Whilst five hundred were expected, only 100 showed up. ‘We have seen a lot of youngsters and have many young fans on facebook,’ persists organiser Róbert Fölkel. ‘This Pac-Manisation was intended to show the government that even this age-group dares to speak its mind, to say that something is not right. This was a spectacular event. We wanted the videos or photos taken of it to go around the world.’ One of eight people cafebabel.com Budapest spoke to participated in the demonstration. ‘Of the last decade it was now that I felt the most that I would go out on the streets and speak about this wrong direction we are heading towards,’ says Axel, 23 - but the future economist did not have time to attend the protest.
Ask and I will (not) answer
The Hungarian government sent every voter a personal letter for opinions about several articles of the constitution, but six out of eight interviewees agree that the constitution process did not involve social dialogue. ‘The government’s attitude is ‘we have decided, we will push it through even if we die of it’,’ criticises Axel. ‘I am a white-collar worker but I did not understand the questions,’ complains Eva, 32, who has Slovakian origins. ‘Orbán and his crew have a scandal every week,’ says advertiser Nelli, 25. ‘I am tired of keeping up with it. I was wondering what will happen later, but as long as I am not concerned directly, I don’t really care.’
‘I am happy that something is finally happening in this country’

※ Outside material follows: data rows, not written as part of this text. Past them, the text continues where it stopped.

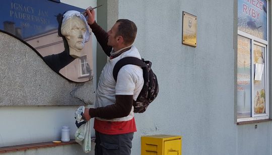 Od godziny 9 30 na Placu Paderewskiego w Złotowie, trwają prace renowacyjne przy tablicy pamiątkowej Ignacego Paderewskiego.
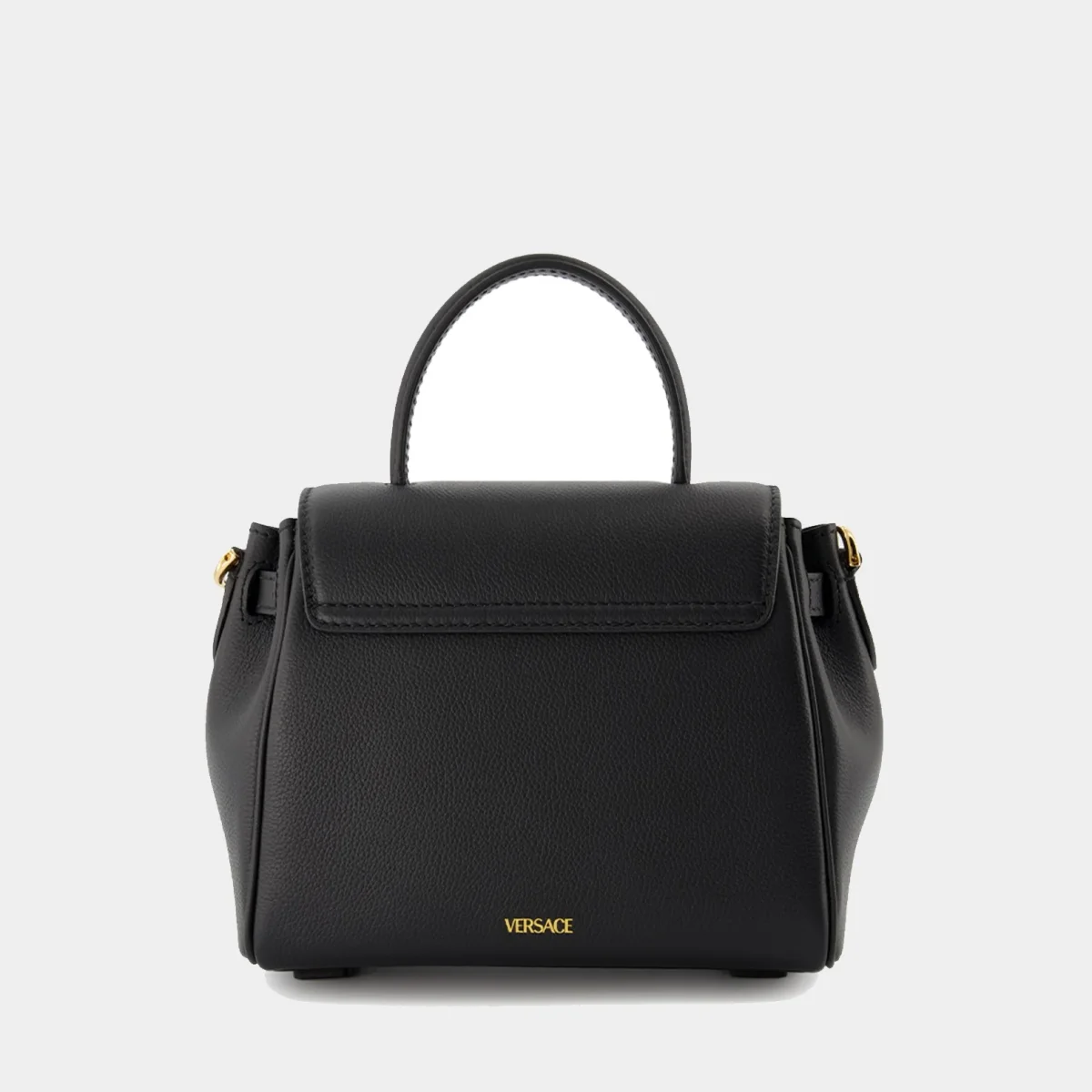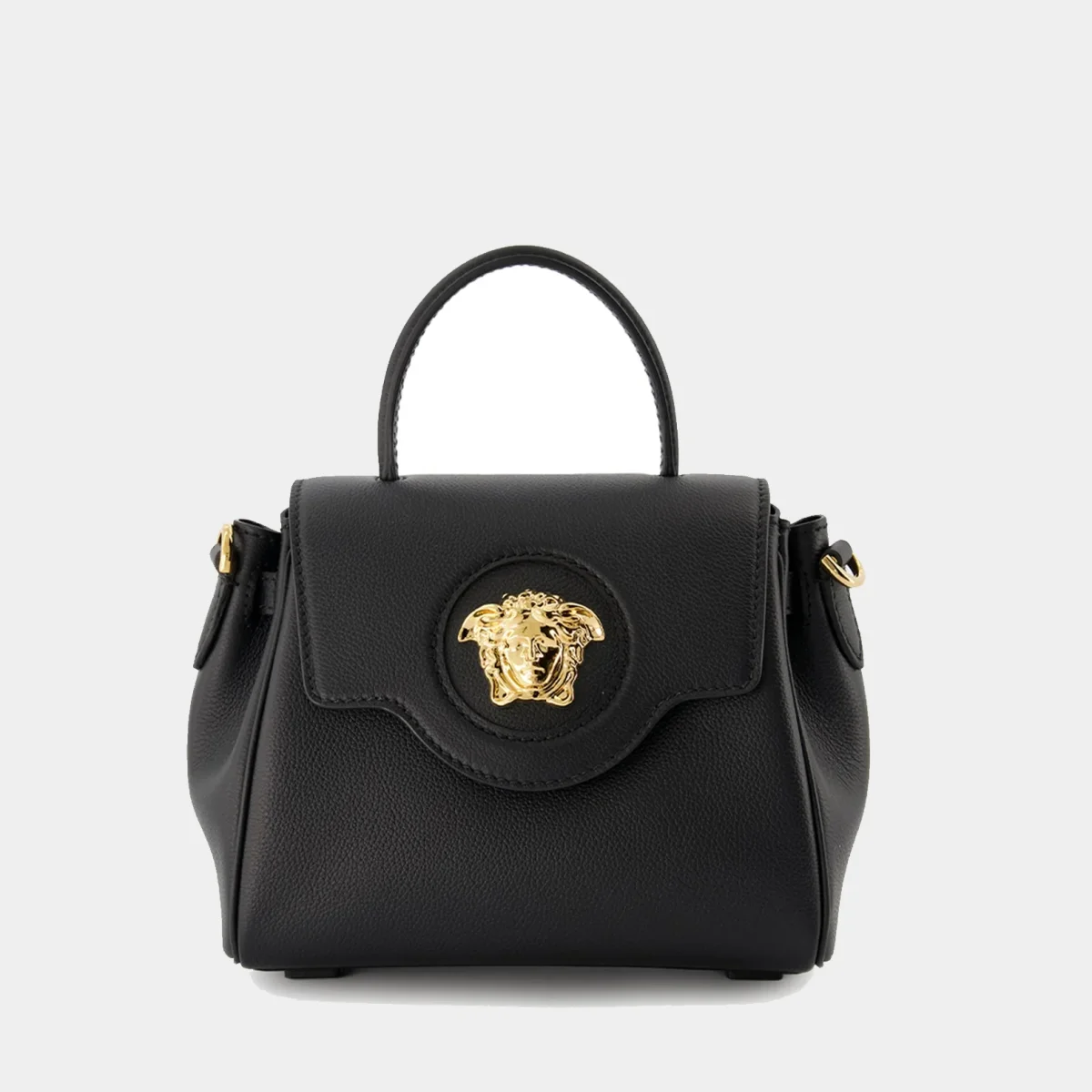 Sac La Medusa Versace collection Automne-Hiver 2024 pour Femme. Réalisé en cuir grainé. Article de couleur Noir. Une bandoulière en cuir ajustable et amovible, une bandoulière en chaîne amovible et Poignée fixe. Cet article est disponible en plusieurs déclinaisons.
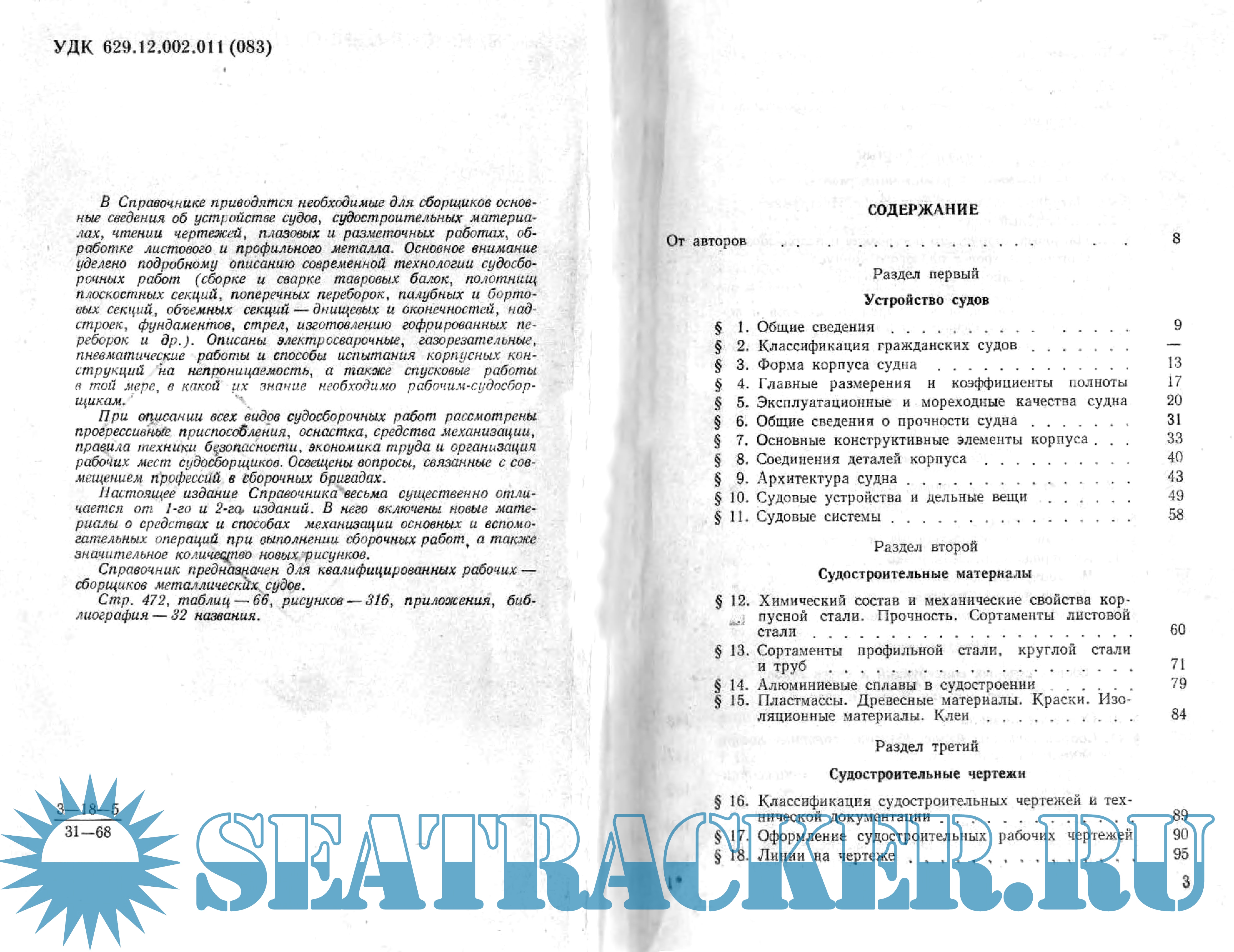 Описание: В Справочнике приводятся необходимые для сборщиков основные сведения об устройстве судов, судостроительных материалах, чтении чертежей, плазовых и разметочных работах, обработке листового и профильного металла.

On the whole young people welcome the fact that Hungary will have a new constitution. Klári, 24, stays out of politics but is friends with prime minister Viktor Orbán on facebook. ‘I am happy that something is finally happening in this country,’ she says. Political scientist David, 27, says: ‘It feels like having an octroyed constitution, like the one we got from the Habsburgs in 1849 after the fall of the Hungarian revolution. The good government communication and PR and the butter-fingered opposition could have led to a constitution that might have been a sweet dream for some power maniacs who wanted to leave their fingerprints in history. This could (and should) have been a real triumph of the whole country.’ Journalist Bori, 26, agrees with the fingerprint metaphor. ‘There is still a crisis. We should not deal with the constitution now. It’s rushed pseudo-politics. The government is trying to get into the history books.’
God bless the Hungarians
‘I couldn’t really find the constitution online,’ says Rita, 29, who works at a communication agency and is studying to be a Spanish-Hungarian translator. She is one of the under seven million (only 900, 000 of eight million responded) who must have thrown the letter out, preferring to vote in a referendum. The details that worry her the most were found in Hungarian forums such as the linguistics section of the Hungarian academy of sciences. Terminology can lead to false interpretation because punctuation marks are mistakenly placed in the text thanks to the special syntactical features of legal jargon. For example the quote from the Hungarian national anthem was not placed between quotation marks; ‘God, bless the Hungarians’ can thus be seen as a legal demand.
Rita also explains that the first translation of the constitution was missing parts that could have led to questions in the European union. For example the article about the prospect of actual life imprisonment without parole ('LWOP') was not translated, neither was the so-called national creed preamble that declares Hungary a christian state - the very part citizens like Eva is so furious about. ‘The new Hungarian constitution begins with the alteration of history,’ she adds. ‘But 100, 000 Jews live in Hungary. It’s the biggest central eastern European jewish community.’ Organisations such as Amnesty International are still voicing their fears about whether the constitution will correspond with European fundamental values; it takes effect in January 2012.